OPENAI_MODEL = "gpt-4"
OPENAI_TOKEN_LIMIT = 16000

### 加载文本

In [3]:
content = ""
with open('sample.txt', 'r') as file:
    content = file.read()
print(content)

[Generated with ChatGPT]

Confidential Document - For Internal Use Only

Date: July 1, 2023

Subject: Updates and Discussions on Various Topics

Dear Team,

I hope this email finds you well. In this document, I would like to provide you with some important updates and discuss various topics that require our attention. Please treat the information contained herein as highly confidential.

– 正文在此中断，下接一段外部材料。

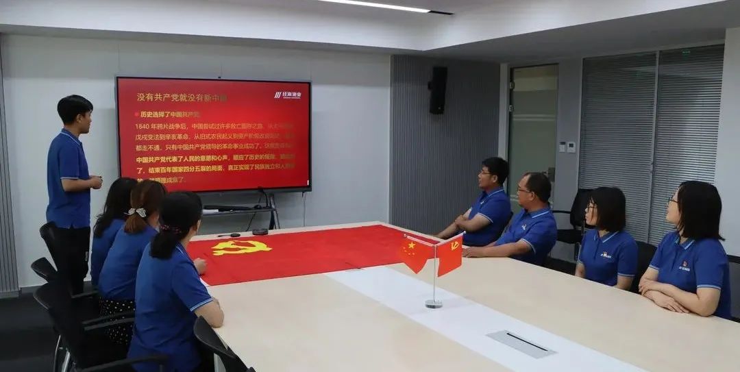 在經海漁業八角灣基地,在黨員及預備黨員的帶領下,基地員工共同學習了專題黨課,從“共產黨光輝100年”“沒有共產黨就沒有新中國”“只有共產黨才能發展中國”“中國特色社會主義道路是中國必由之路”四個篇章深入講解黨的百年歷史,賡續紅色血脈。
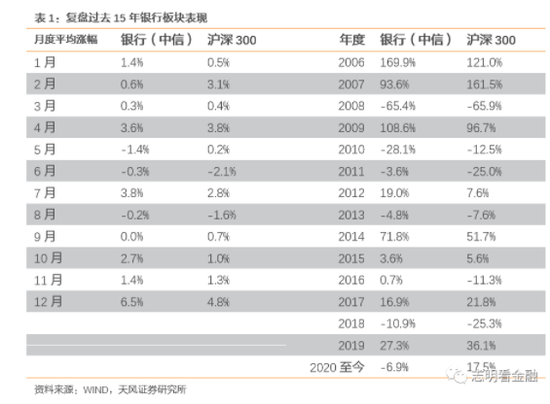 据天风证券统计,过去15年复盘来看,年底银行板块上涨概率较高,12月份平均涨幅6.5%,显著高于其他月份,呈现估值切换行情之特征。例如,2018年银行板块下跌10.9%,次年上升27.3%;13年下跌4.8%,次年上涨71.8%;2008年下跌65.4%,次年上涨108.6%。
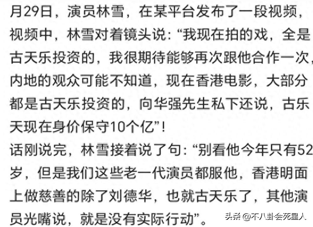 演員林雪曾經說過,現在香港拍的大部分電影都是古天樂投資的,他拍的戲都是古天樂投資的,雖然古天樂才53歲,但香港老一輩的演員都很服他,香港明面上做慈善的除了劉德華就是古天樂了,其他人都只是說說而已。

Security and Privacy Measures
As part of our ongoing commitment to ensure the security and privacy of our customers' data, we have implemented robust measures across all our systems. We would like to commend John Doe (email: john.doe@example.com) from the IT department for his diligent work in enhancing our network security. Moving forward, we kindly remind everyone to strictly adhere to our data protection policies and guidelines. Additionally, if you come across any potential security risks or incidents, please report them immediately to our dedicated team at security@example.com.

HR Updates and Emp

### 实例化
***
注意必须传入这些参数

In [4]:
doctran = Doctran(openai_api_key=OPENAI_API_KEY, openai_model=OPENAI_MODEL, openai_base_url=OPENAI_BASE_URL, openai_token_limit=OPENAI_TOKEN_LIMIT)
document = doctran.parse(content=content)

#### 提取属性
使用 OpenAI 函数调用从任何文档中提取 JSON 数据。这非常灵活，可用于对非结构化文本进行分类、重写或提取属性。

In [5]:
properties = [
    ExtractProperty(
        name="millenial_or_boomer", 
        description="A prediction of whether this document was written by a millenial or boomer",
        type="string",
        enum=["millenial", "boomer"],
        required=True
    ),
    ExtractProperty(
        name="as_gen_z", 
        description="The document summarized and rewritten as if it were authored by a Gen Z person",
        type="string",
        required=True
    ),
    ExtractProperty(
        name="contact_info", 
        description="A list of each person mentioned and their contact information",
        type="array",
        items={
            "type": "object",
            "properties": {
                "name": {"type": "string"},
                "email": {"type": "string"},
                "phone": {"type": "string"}
            }
        },
        required=True
    )
]
transformed_document = document.extract(properties=properties).execute()
print(json.dumps(transformed_document.extracted_properties, indent=2))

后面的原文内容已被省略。